[GIVEN RECORDS]

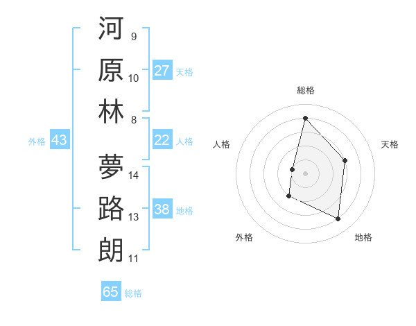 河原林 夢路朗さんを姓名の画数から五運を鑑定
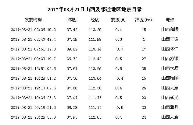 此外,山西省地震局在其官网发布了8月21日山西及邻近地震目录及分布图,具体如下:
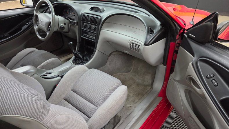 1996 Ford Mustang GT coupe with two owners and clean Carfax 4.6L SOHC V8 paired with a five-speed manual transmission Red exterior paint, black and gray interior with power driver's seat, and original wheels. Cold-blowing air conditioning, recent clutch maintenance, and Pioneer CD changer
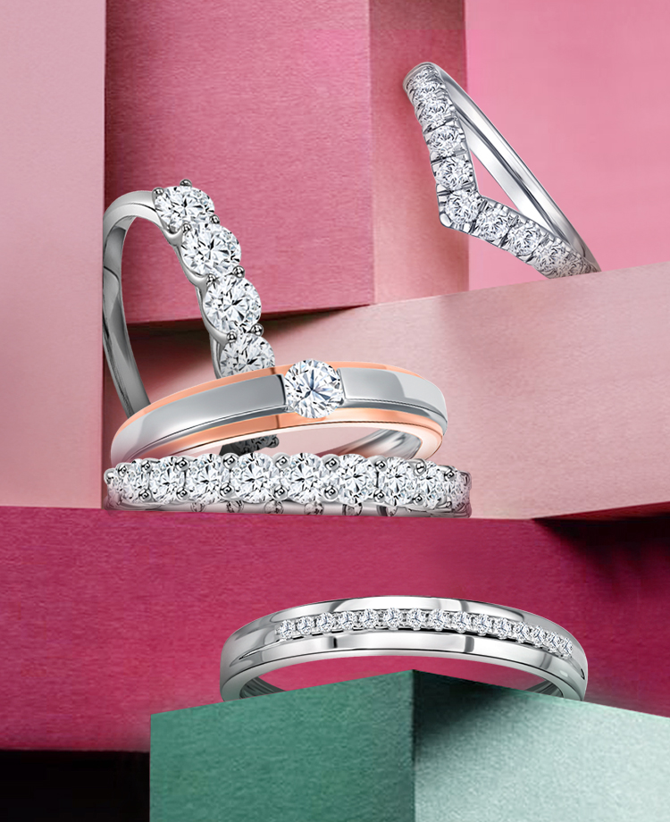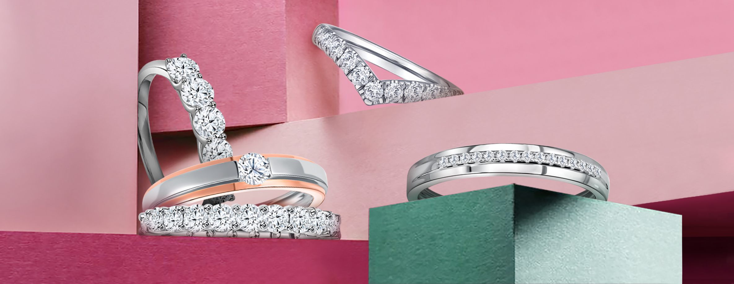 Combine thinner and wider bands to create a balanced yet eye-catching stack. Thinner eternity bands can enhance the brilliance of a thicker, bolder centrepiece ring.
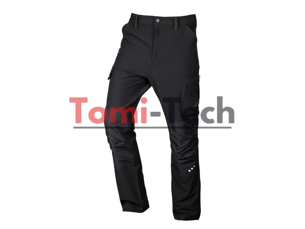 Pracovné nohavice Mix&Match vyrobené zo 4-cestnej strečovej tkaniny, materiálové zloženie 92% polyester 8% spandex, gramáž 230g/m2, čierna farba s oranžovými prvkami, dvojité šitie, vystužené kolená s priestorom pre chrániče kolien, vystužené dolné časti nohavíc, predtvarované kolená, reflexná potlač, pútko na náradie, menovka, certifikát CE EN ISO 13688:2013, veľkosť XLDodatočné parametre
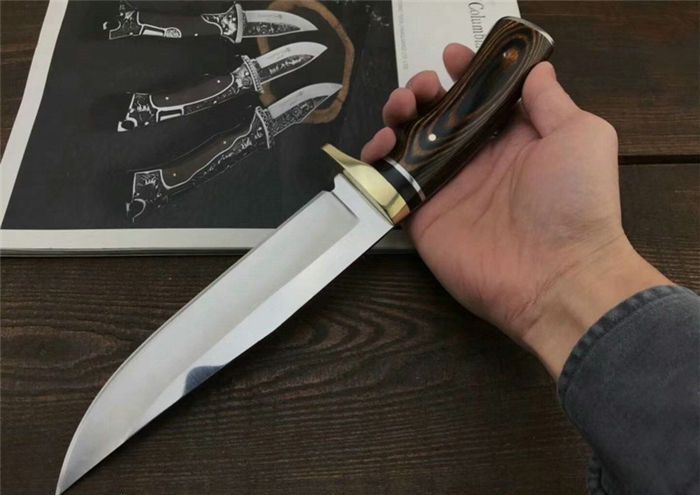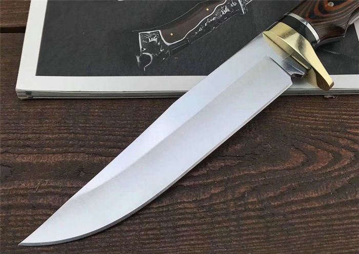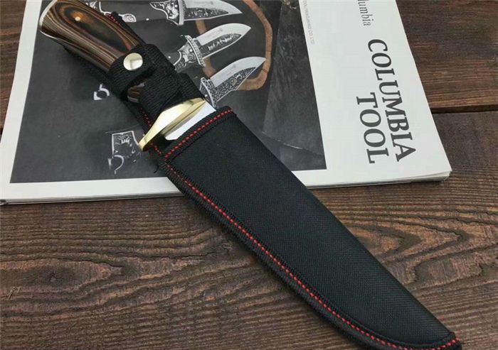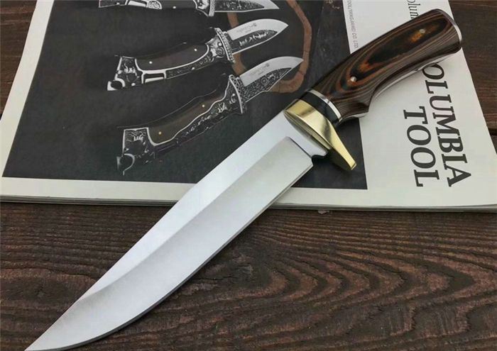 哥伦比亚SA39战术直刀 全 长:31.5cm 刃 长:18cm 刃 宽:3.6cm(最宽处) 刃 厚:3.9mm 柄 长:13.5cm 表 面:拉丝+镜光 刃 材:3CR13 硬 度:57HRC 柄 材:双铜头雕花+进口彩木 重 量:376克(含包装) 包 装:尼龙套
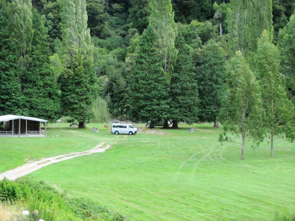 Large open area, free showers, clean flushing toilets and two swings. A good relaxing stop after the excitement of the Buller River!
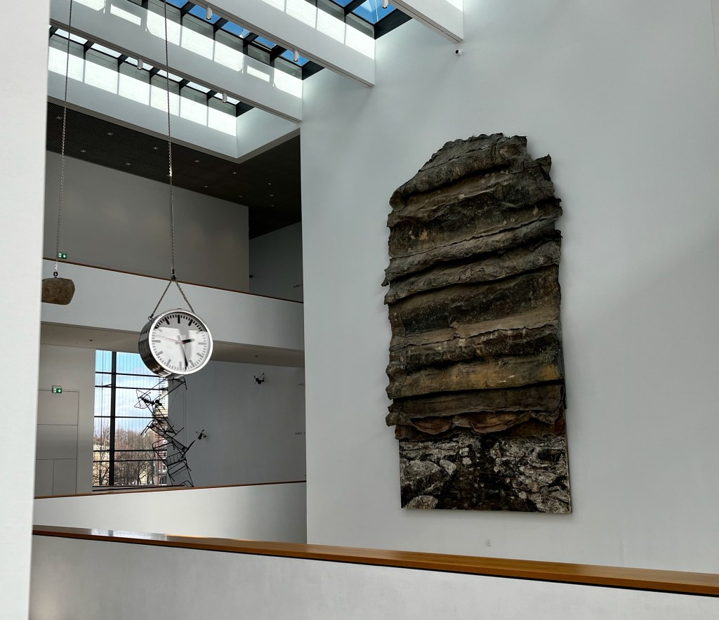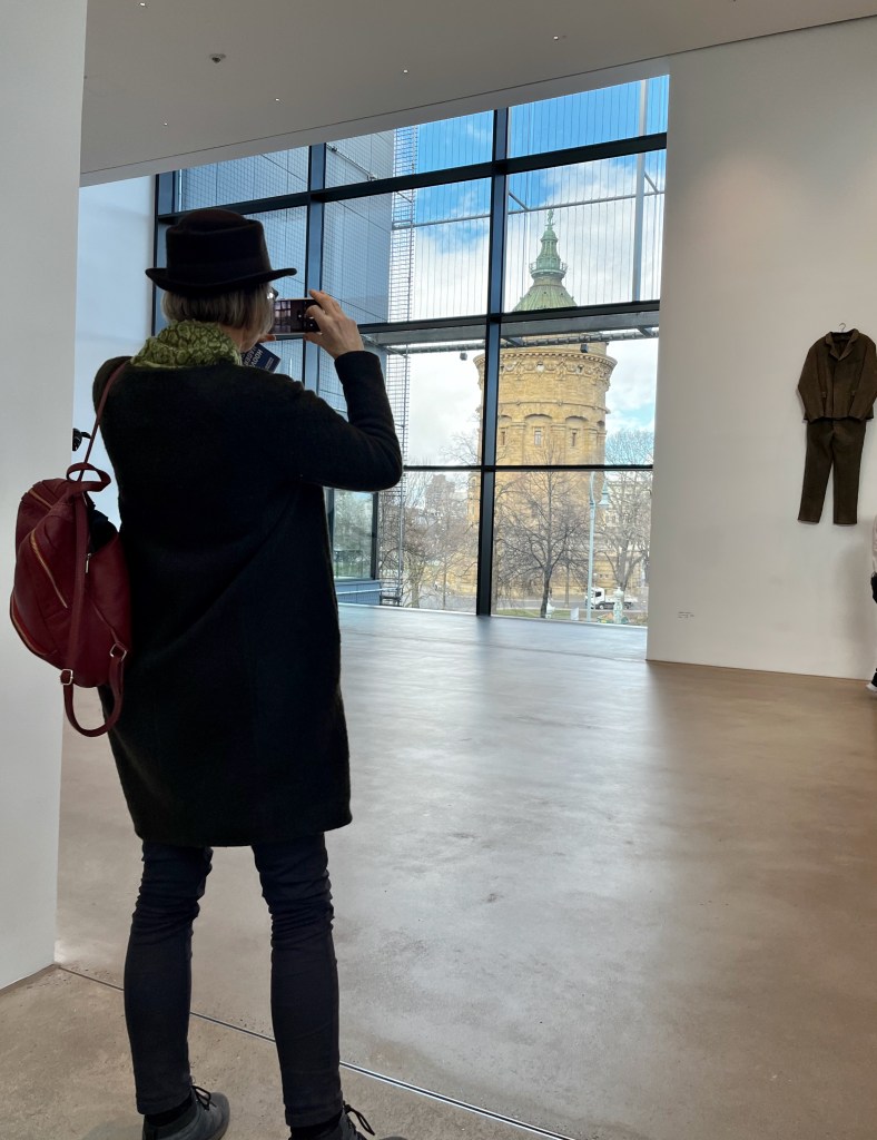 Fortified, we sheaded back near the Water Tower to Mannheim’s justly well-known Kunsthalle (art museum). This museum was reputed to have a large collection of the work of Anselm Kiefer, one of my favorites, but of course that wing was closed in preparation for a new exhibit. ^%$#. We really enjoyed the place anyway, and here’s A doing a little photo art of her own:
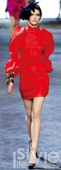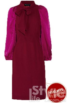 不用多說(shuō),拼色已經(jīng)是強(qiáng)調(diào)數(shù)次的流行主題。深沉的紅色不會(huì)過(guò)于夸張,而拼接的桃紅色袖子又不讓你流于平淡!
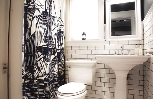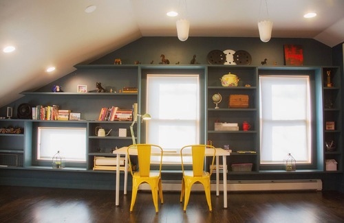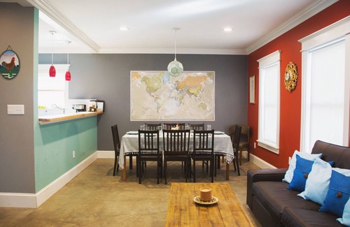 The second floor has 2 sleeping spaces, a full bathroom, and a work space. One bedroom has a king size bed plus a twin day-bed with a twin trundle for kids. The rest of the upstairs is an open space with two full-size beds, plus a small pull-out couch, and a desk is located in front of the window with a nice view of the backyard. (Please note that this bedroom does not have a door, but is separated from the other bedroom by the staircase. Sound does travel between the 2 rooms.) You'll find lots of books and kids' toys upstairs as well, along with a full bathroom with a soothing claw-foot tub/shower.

[PROBLEM TO SOLVE] What is needed is an exact copy of only the lines from the line containing "Large open area, free" through the last line of the entries, inclusive, without the pictures.

[RESPONSE FOR THIS EXERCISE]
 Large open area, free showers, clean flushing toilets and two swings. A good relaxing stop after the excitement of the Buller River!
 Fortified, we sheaded back near the Water Tower to Mannheim’s justly well-known Kunsthalle (art museum). This museum was reputed to have a large collection of the work of Anselm Kiefer, one of my favorites, but of course that wing was closed in preparation for a new exhibit. ^%$#. We really enjoyed the place anyway, and here’s A doing a little photo art of her own:
 不用多說(shuō),拼色已經(jīng)是強(qiáng)調(diào)數(shù)次的流行主題。深沉的紅色不會(huì)過(guò)于夸張,而拼接的桃紅色袖子又不讓你流于平淡!
 The second floor has 2 sleeping spaces, a full bathroom, and a work space. One bedroom has a king size bed plus a twin day-bed with a twin trundle for kids. The rest of the upstairs is an open space with two full-size beds, plus a small pull-out couch, and a desk is located in front of the window with a nice view of the backyard. (Please note that this bedroom does not have a door, but is separated from the other bedroom by the staircase. Sound does travel between the 2 rooms.) You'll find lots of books and kids' toys upstairs as well, along with a full bathroom with a soothing claw-foot tub/shower.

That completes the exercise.